By Marydee Ojala • Editor

Disruptive technologies, those that require a complete rethinking of an existing business model, are endemic to the library and information world. Probably the first technology to affect information acquisition and dissemination was Gutenberg's printing press. It democratized knowledge sharing and gave people a reason to become literate. Without the printing press, libraries would not exist in their present form—our ability to know and understand events would be severely compromised.

Although there have been disruptive technologies between Gutenberg's age and the present century, only the Internet comes close to being as democratizing. Many new technologies, although perhaps being disruptive to established businesses and industries, don't involve a radical rethinking of how people live and work. The Internet has the potential to make everyone a researcher, a communicator, a publisher, and a student. It cuts through time and geographic barriers. It causes us to rethink how we deliver education and how we operate libraries. It lowers information costs, expands the amount and types of information available, and creates a more level playing field for serious research.

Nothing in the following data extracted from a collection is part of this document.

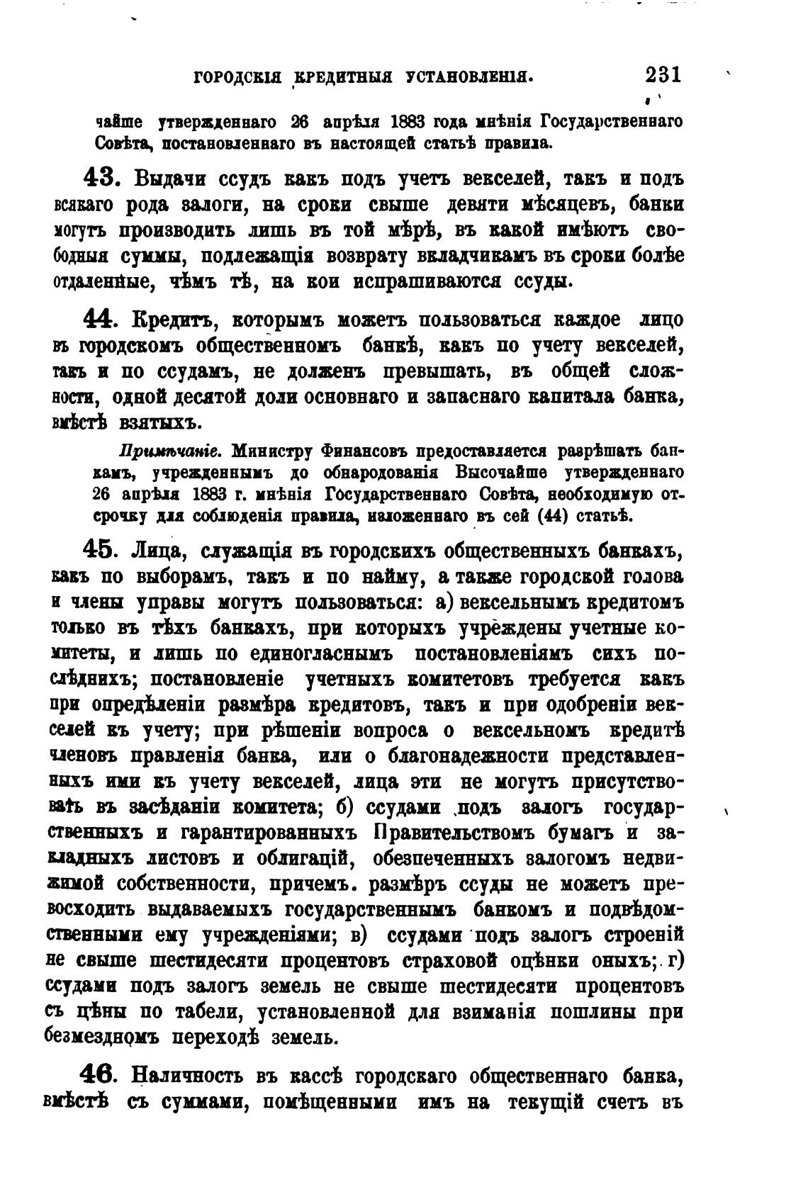 43. Выдачи ссудъ вавъ подъ учеть векселей, тавъ и подъ
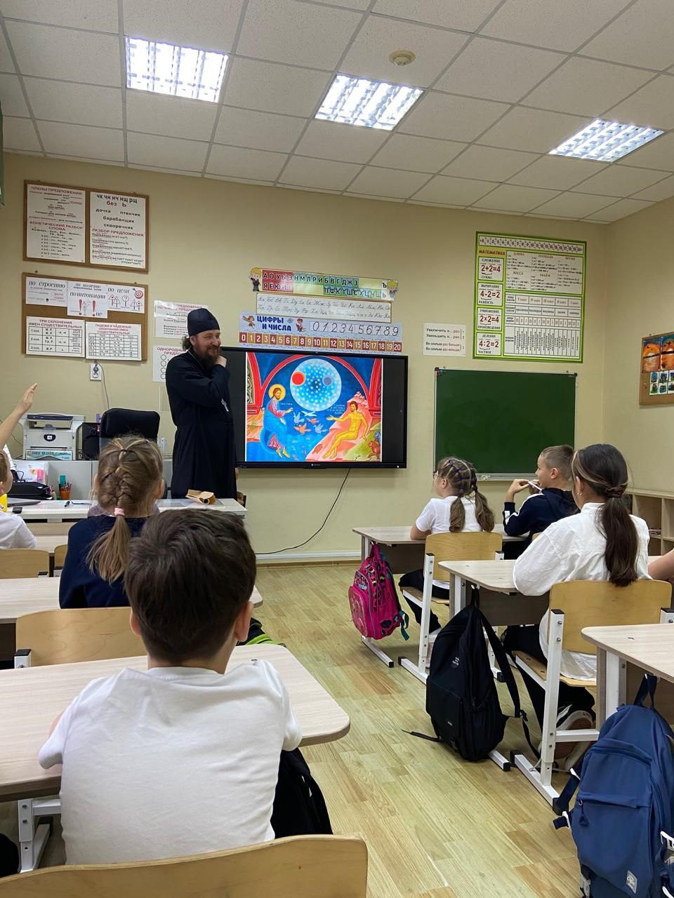 29 октября состоялись встречи настоятеля Александро-Невского храма г. Звенигорода протоиерея Александра Карлюка с учащимися 1, 2 и 3 классов Фуньковского отделения Звенигородской средней общеобразовательной школы “КвантУм”. Ребята беседовали со своим гостем на разные темы. Речь шла о дружбе, о покаянии и прощении, а с ребятами 3-го класса отец Александр поговорил о происхождении мира и человека.
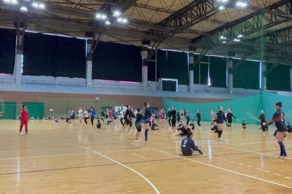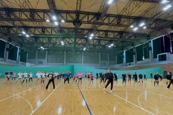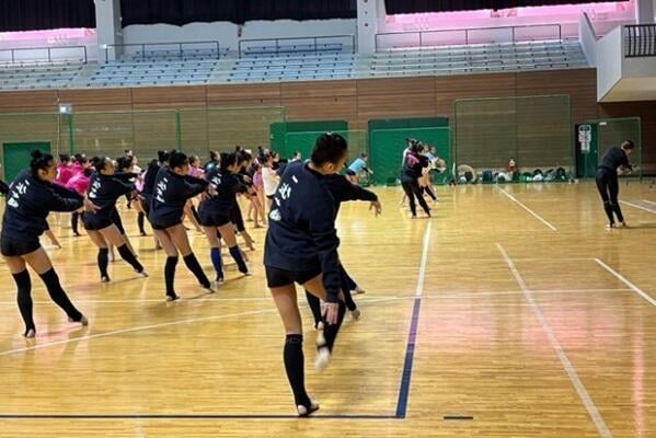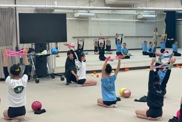 2日目は、元オリンピック選手の秋山エリカ先生による作品指導から始まり、今岡さんの美しい動きを手本に、参加者は表現力や身体の使い方を学びました。午後にはリボンやボールなど手具の基本練習、コンディショニングが続き、2日間を通じて新体操の基礎から表現まで幅広く学べる内容となりました。本学女子新体操競技部にとっても、講師陣から作品づくりの直接指導を受ける貴重な機会となり、表現の幅を広げる大きな学びとなりました。

Online began as a disruptive technology, but it was not nearly as democratic as the Internet. The earliest online bibliographic databases rewrote the rules on how indexes were published and used. Full-text databases rewrote the rules on how librarians purchased, accessed, and delivered information to clients and patrons. Today's emphasis on open access and the unbundling of journal subscriptions has the potential to further challenge existing publishing models. But it was Internet information and Web searching that democratized online research, not traditional online.

Clayton Christensen, in his book The Innovator's Dilemma, says, "The Internet looms as an infrastructural technology that is enabling the disruption of many industries." Viewing the Internet as a disruption enabler rings true for the library and information space, particularly since it's not a profit-making industry, which is the lens through which Christensen views disruptive technologies.

Does the Internet disrupt how libraries operate? Yes. Does it alter their look and feel? Yes. Does it afford opportunities libraries lacked before? Yes. Does it disrupt the basic reasons why libraries exist? No. That may be the most important point—and why libraries were early adopters of online and Internet technology. It parallels the information professional's ethos of free and unfettered access to information—all information, not just the information deemed acceptable by one group or another.

Can people be disruptive technologies? Christensen suggests as much when he identifies nurse practitioners as disruptive technologies (physicians were the established technologies). I find the notion of librarians and information professionals being disruptive technologies extremely appealing. What a wonderful role to assume! I'm not just a librarian. I don't just work in an information department. I don't just perform research using online tools. I'm a disruptive technology. If information professionals are disruptive technologies, and we are, I suggest we enjoy this pivotal role, relish our power, rethink our priorities, and assert our distinctiveness.